= United States Preventive Services Task Force =

US government medical review and recommendation panel

The United States Preventive Services Task Force (USPSTF) is "an independent group of national experts in prevention and evidence-based medicine that works to improve the health of all Americans by making evidence-based recommendations about clinical preventive services". The task force, a sixteen-member volunteer panel of primary care clinicians with methodology experience "including internal medicine, family medicine, pediatrics, behavioral health, obstetrics/gynecology, and nursing". Members typically serve for four-year terms and their recommendations were published in the Annals of Internal Medicine at one time, but now appear in JAMA. Members are appointed by the U.S. Department of Health and Human Services.

==Intent==
The USPSTF evaluates scientific evidence regarding medical screenings, counseling, and preventive medications to make recommendations that inform medical care. Endorsements by the task force typically guide services covered by insurance.

==Methods==
The methods of evidence synthesis used by the Task Force have been described in detail. In 2007, their methods were revised.

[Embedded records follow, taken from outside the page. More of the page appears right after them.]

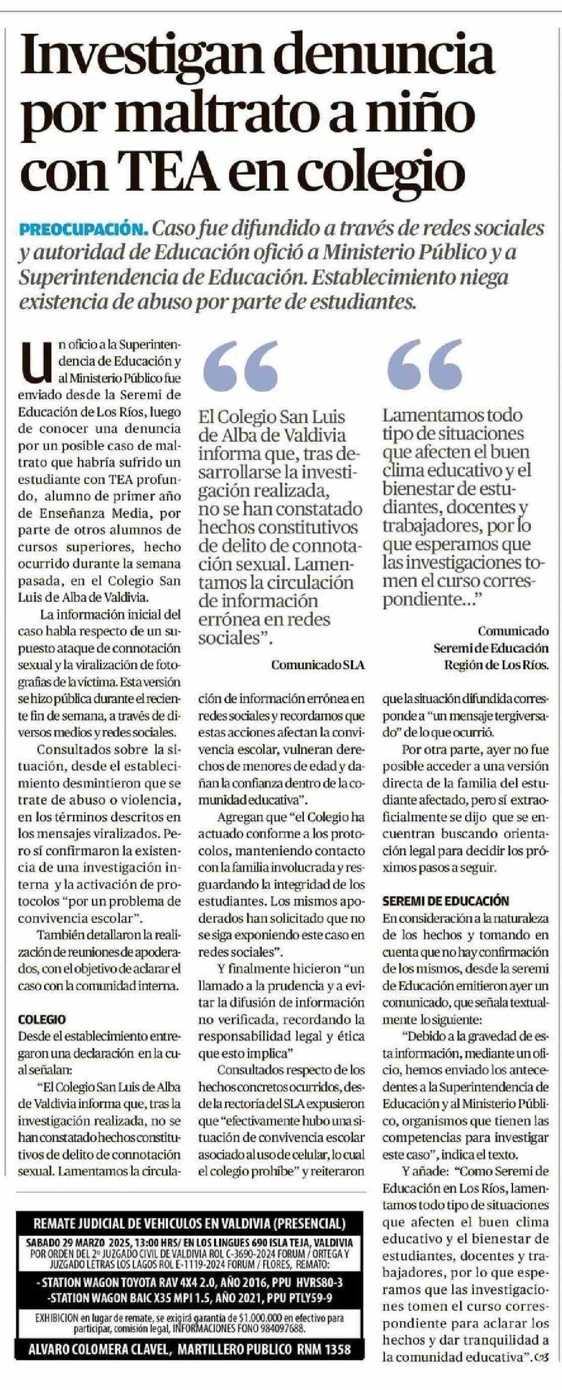 Investigan denuncia por maltrato a niño con TEA en colegio
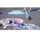 This KREUL "Streety street paint" is a set of 6 colors with a content of 200 ml each. It contains the colors cloud white, rubber duck yellow, striped sock red, slipper blue, grass green and balloon purple. A washable liquid chalk for painting on asphalt and paving surfaces. Not suitable for natural paving stones. A pre-test is recommended. The paint washes out well at 30 °C. It goes without saying that the chalk contains no harmful ingredients. Because contemporary children's art should be fun and sustainable - even if it is ephemeral.
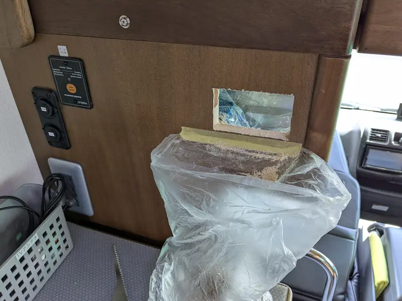 助手席後ろの内装を一部剥がしてモニターの取り付け位置を検討します。壁裏にインバーターや外部充電器が隠されているため、干渉しない位置に決定しました。
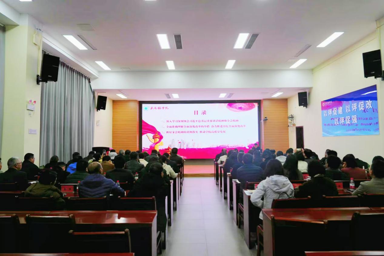熊震宇围绕学习领会习近平总书记重要讲话和全会精神,结合学校改革工作实际,从“深入学习深刻领会习近平总书记重要讲话精神和全会精神”“全面准确理解全面深化改革的举措,奋力推进景院全面深化改革”“抓好全会精神的贯彻落实,推动学校高质量发展”三方面授课。

=== No weight given to cost-effectiveness ===
The USPSTF explicitly does not consider cost as a factor in its recommendations, and it does not perform cost-effectiveness analyses. American health insurance groups are required to cover, at no charge to the patient, any service that the USPSTF recommends, regardless of how much it costs or how small the benefit is.

===Grade definitions===
The task force assigns the letter grades A, B, C, D, or I to each of its recommendations, and includes "suggestions for practice" for each grade. The Task Force also defined levels of certainty regarding net benefit.

| Grade | Result | Meaning |
|---|---|---|
| Grade A | Recommended | There is high certainty that the net benefit is substantial. |
| Grade B | Recommended | There is high certainty that the net benefit is moderate or there is moderate certainty that the net benefit is moderate to substantial. |
| Grade C | No recommendation | Clinicians may provide the service to selected patients depending on individual circumstances. However, for most individuals without signs or symptoms there is likely to be only a small benefit. |
| Grade D | Recommended against | The Task Force recommends against this service. There is moderate or high certainty that the service has no net benefit or that the harms outweigh the benefits. |
| I statement | Insufficient evidence | The current evidence is insufficient to assess the balance of benefits and harms. |

Levels of certainty vary from high to low according to the evidence.

- High: Consistent results from well-designed studies in representative populations that assess the effect of the service on health outcomes.
- Moderate: The evidence is sufficient to determine the effects of the service, but confidence is limited. The conclusion might change as more information becomes available.
- Low: The evidence is insufficient to assess effects on health outcome.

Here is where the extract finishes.